Saint-Martin entered the library, raised his arm in greeting. A strange, heavy atmosphere pervaded the room. Darkness seeped through the windows; dozens of candles struggled to dispel the gloom. Their light flickered on the gilded spines of books. Eerie shadows danced on the high stuccoed ceiling.
“I understand we’re gathered here to deal with a family matter,” said Saint-Martin with a frisson of apprehension. He glanced at his mentor and distant relative, Baron Breteuil, who rose from his chair. The man was grim-faced. And so was Comtesse Marie, who came forward to greet him, her brow knitted with concern. What could be so serious? True, the baron often looked grim these days when dealing with affairs of state as the king’s minister for Paris. The government was virtually bankrupt. Its critics demanded deep cuts in expenditures and the right to approve new taxes. The baron mumbled a greeting through tight lips, then fell silent.
But Aunt Marie? What troubled her? Saint-Martin could not recall ever seeing her in such distress. She was usually lighthearted and gay, a welcome tonic when his own spirits were depressed. This evening she gave him a weak, distracted smile and inquired about his health.
Servants arranged three chairs at a small table. Tea was poured, sweetcakes served, and the servants withdrew.
When the door closed, the baron put his cup down with a clatter. His hands gripped the arms of his chair. He threw a glance toward the comtesse, then addressed Saint-Martin. “I’ll come right to the point, Paul. I’m asking you to pursue a certain Irishman, Captain Maurice Fitzroy, at one time in our king’s service in the Dillon Regiment.”
“We’ve never met, though I’ve heard his name mentioned—a gambler and a rake.”
“An expert gambler, indeed! He has won large sums of money from Comtesse Clare, my cousin.” The baron paused for a deep breath. “I could forget about the money. She was foolish to risk it. But I cannot overlook what he did to my godchild, Sylvie.” The baron yielded to Comtesse Marie, who reminded her nephew, “She’s my godchild as well, and your distant cousin.” Saint-Martin felt a tightening in his chest. He knew Sylvie de Chanteclerc from summers he had spent at Chateau Beaumont a decade ago. She’d have been eight or nine years old at the time. A sunny child, always eager for a new game. A few months ago over coffee in the Palais-Royal, they had renewed their acquaintance and promised to meet again soon. He had been struck by her uncanny resemblance to his friend, Anne Cartier—lively blue eyes, blond hair, fair complexion.

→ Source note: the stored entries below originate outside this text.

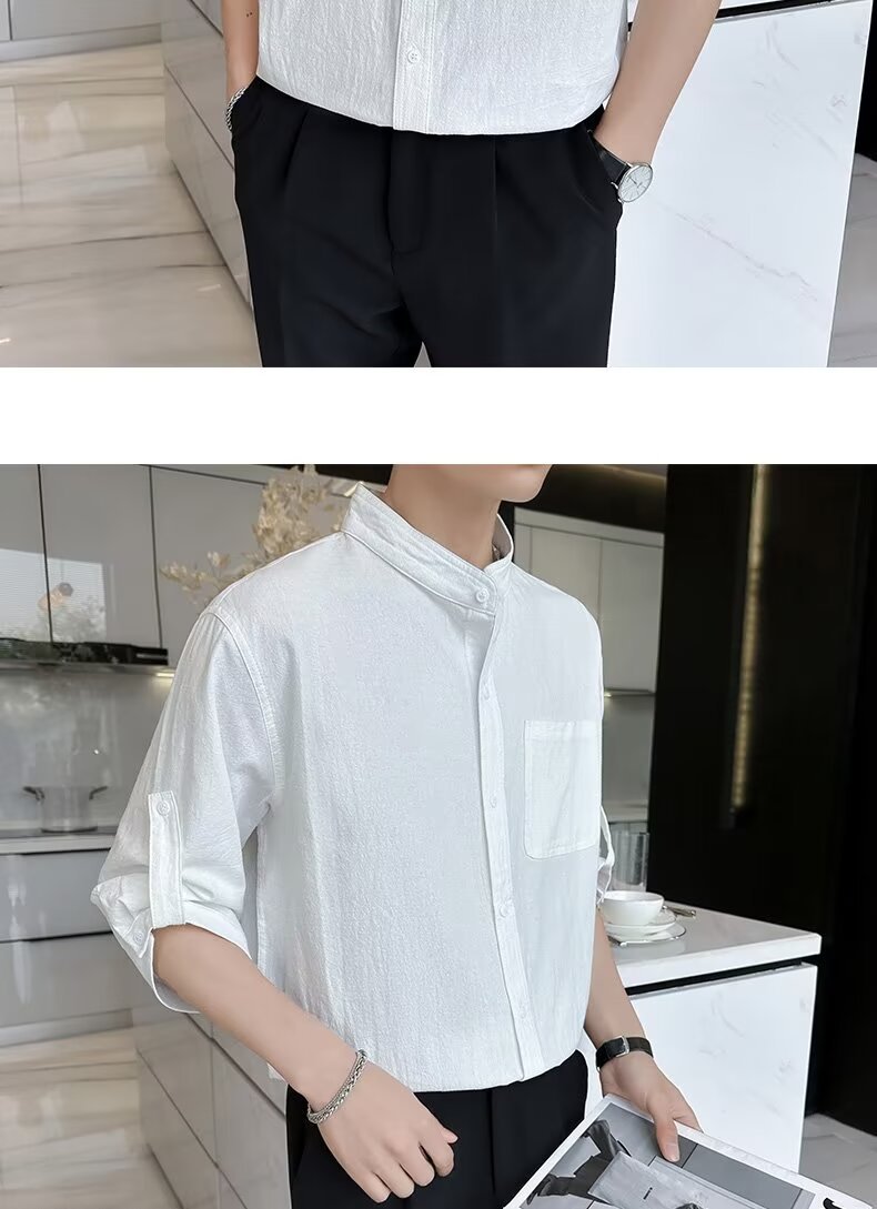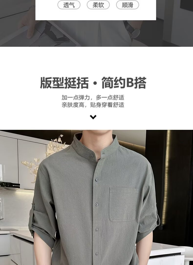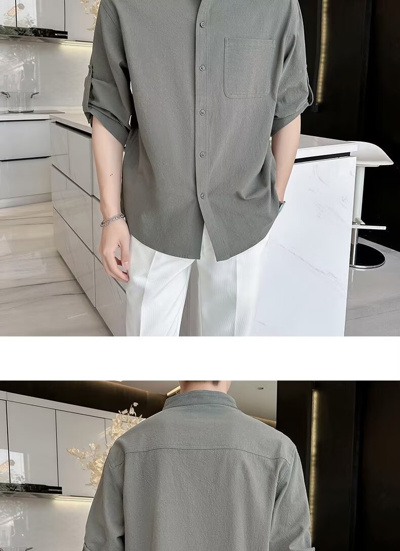 코튼 리넨 셔츠 남자 반팔 셔츠 느슨한 남자 중국 스타일 여름 얇은 남자 캐주얼 코트 긴팔 탑스토어 가기
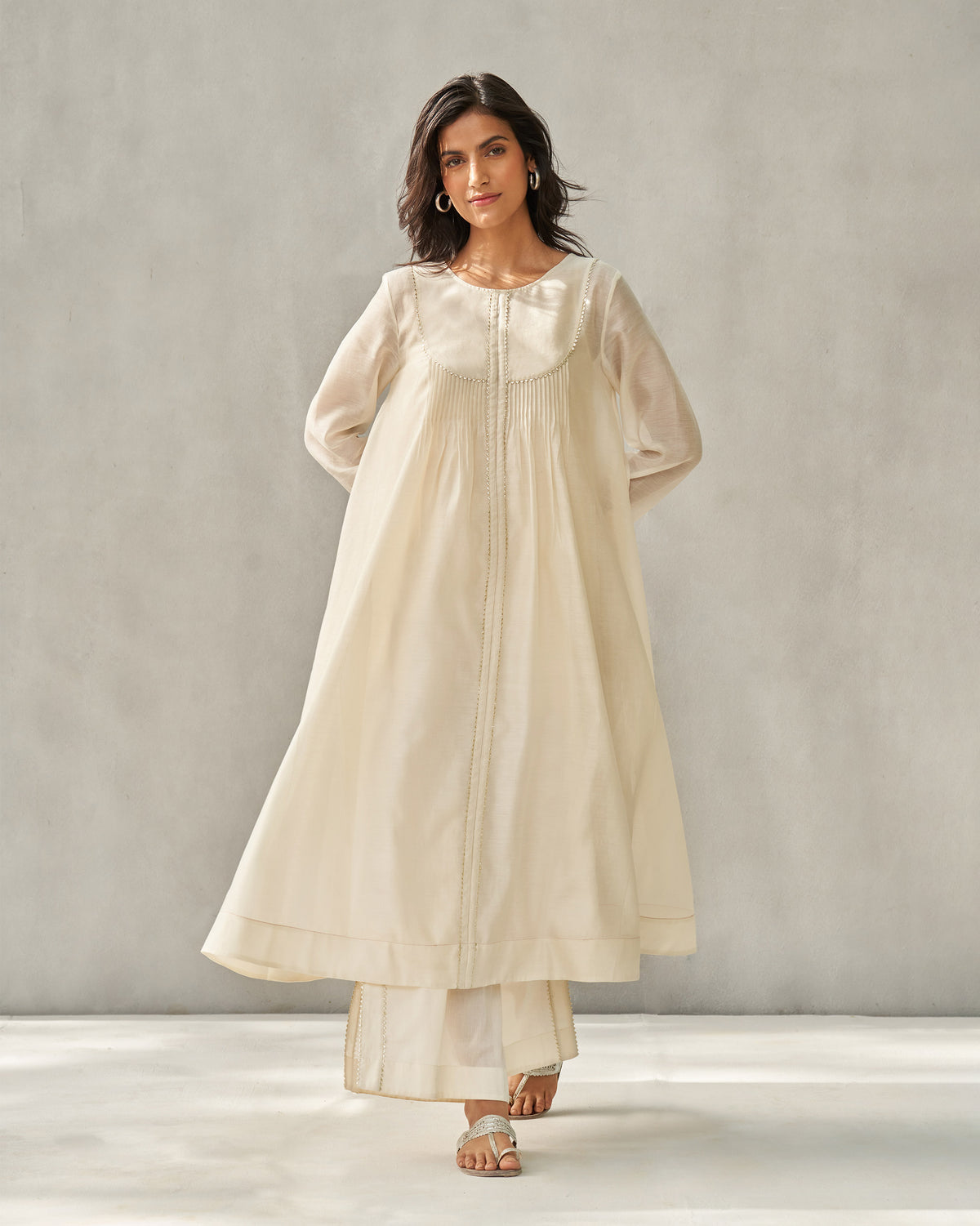 - The Ayat Kurta is the perfect pick for celebrations. A regal piece in ivory, its free-flowing silhouette and silver gota detailing make this one stand out.
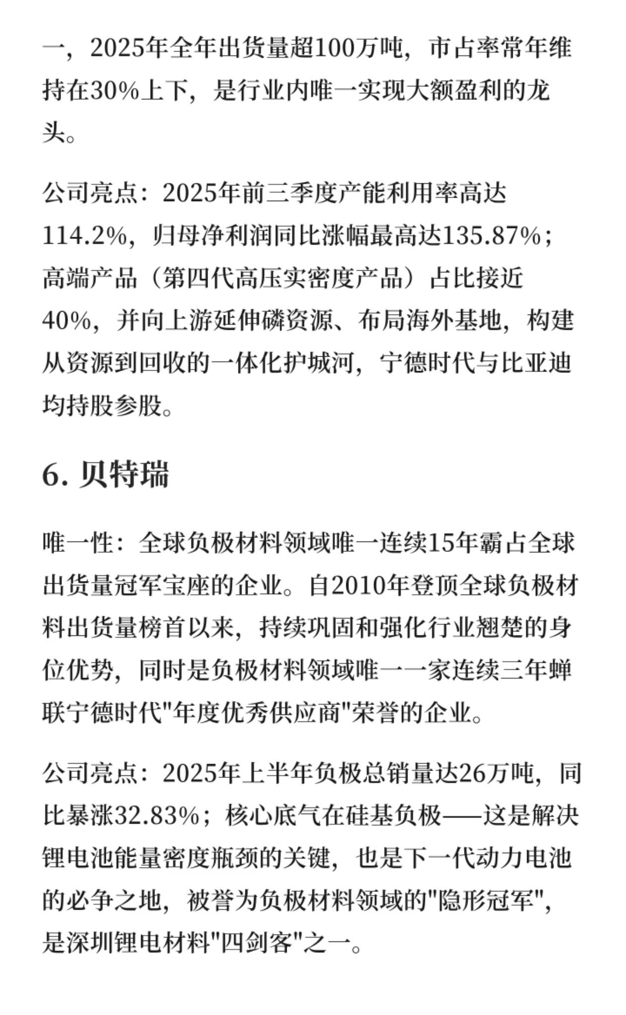 ✅ 贝特瑞+恩捷:负极15连冠、隔膜7连霸,技术壁垒最高;
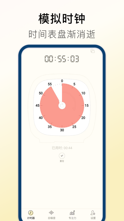 3、【专注计时器】采用极简主义设计风格,可自由设定专注时长,助力用户持续突破自身专注力极限。
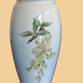 Dette er en vintage Bing & Grøndahl B&G vase med et blomstrende guldregnmotiv
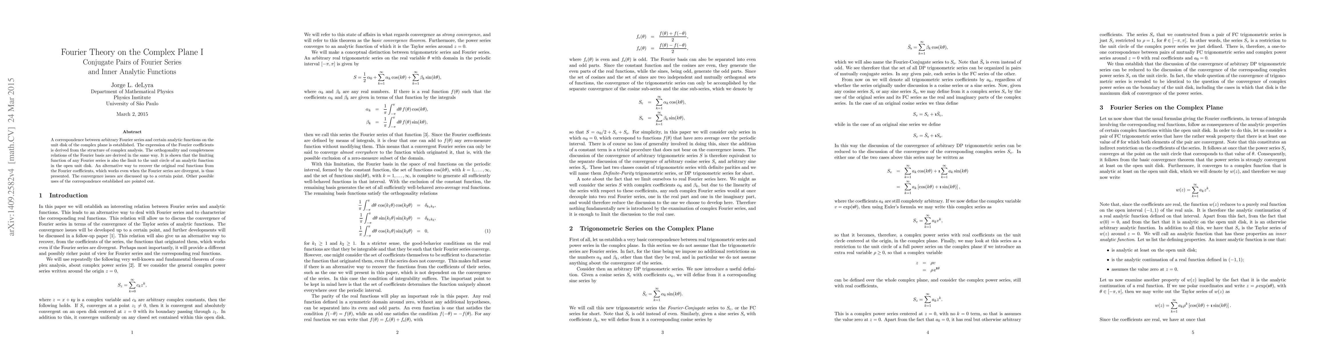 This paper establishes a correspondence between Fourier series and analytic functions on the unit disk, deriving Fourier coefficients from complex analysis. It presents an alternative method to recover real functions from Fourier coefficients, even for divergent series, and discusses convergence issues.
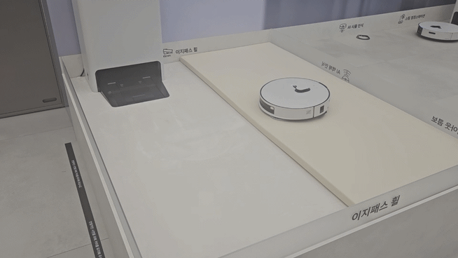 주행 성능도 개선됐다. 기존에는 넘지 못하던 두꺼운 매트나 문턱을 무리 없이 올라섰다. 승월(문턱·매트 등을 넘어가는 주행 능력) 높이가 45㎜까지 확대된 덕분이다. 5개의 휠 구조로 균형을 잡아 주행이 안정적이고, 매트 위에서 헛도는 모습도 거의 보이지 않았다. 어린 자녀가 있는 가정에서 매트 청소가 중요한 이유를 고려한 설계라는 설명이 체감됐다.

“She’s a spirited, sensible girl of nineteen,” the baron continued. “For some time, the Irishman attempted to court her. At first, she found him handsome and charming. They met on a few occasions, but she came to distrust him. Polished on the surface. Mean and deceitful underneath. When she tried to discourage him, he pressed his suit even more ardently. Two days ago, she finally rebuffed him.” The baron paused, swallowed, then went on, his voice just above a whisper. “The monster found her alone, beat and raped her. He spread the rumor that she had complied gladly, that I had punished her.” The baron looked down, stroking his forehead.
Saint-Martin gasped, turned to his aunt. “When did this happen? I hadn’t heard. I just got back from Rouen.”

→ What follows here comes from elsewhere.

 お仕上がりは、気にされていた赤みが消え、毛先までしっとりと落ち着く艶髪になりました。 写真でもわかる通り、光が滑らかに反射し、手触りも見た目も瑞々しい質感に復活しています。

“Late Thursday evening,” she replied. “At the baron’s chateau while he was in Paris. Sylvie had sent Fitzroy away. But he only pretended to leave the estate and hid somewhere on the grounds. When everyone had gone to bed and the house was quiet, he sneaked through a window he had earlier unlatched. In a footman’s disguise, he made his way to her room, bound and gagged her, violated her. A pair of trusted servants found her unconscious yesterday morning.”
The comtesse excused herself and pulled on a bellrope. A maid appeared. The comtesse spoke into her ear and sent her off, then resumed her account. “When Sylvie recovered consciousness, she was in shock and wouldn’t talk to anyone. She was brought here last night, started to feel better, and told me what had happened. I wrote to the baron at once.”
“Aunt Marie…” Saint-Martin struggled for words. “I can hardly believe it! Poor Sylvie!”
“But it’s true.” The comtesse fell silent and took a deep breath. “She allowed me to verify the evidence on her body.”
“And you can see for yourself,” came a strained voice from behind Saint-Martin. He heard the rustle of a garment and looked over his shoulder. A young woman wrapped in a plain brown dressing gown stepped out of the shadows. Her hair was covered by a gray bonnet that shadowed her face. Obviously in pain, she managed to hold herself erect.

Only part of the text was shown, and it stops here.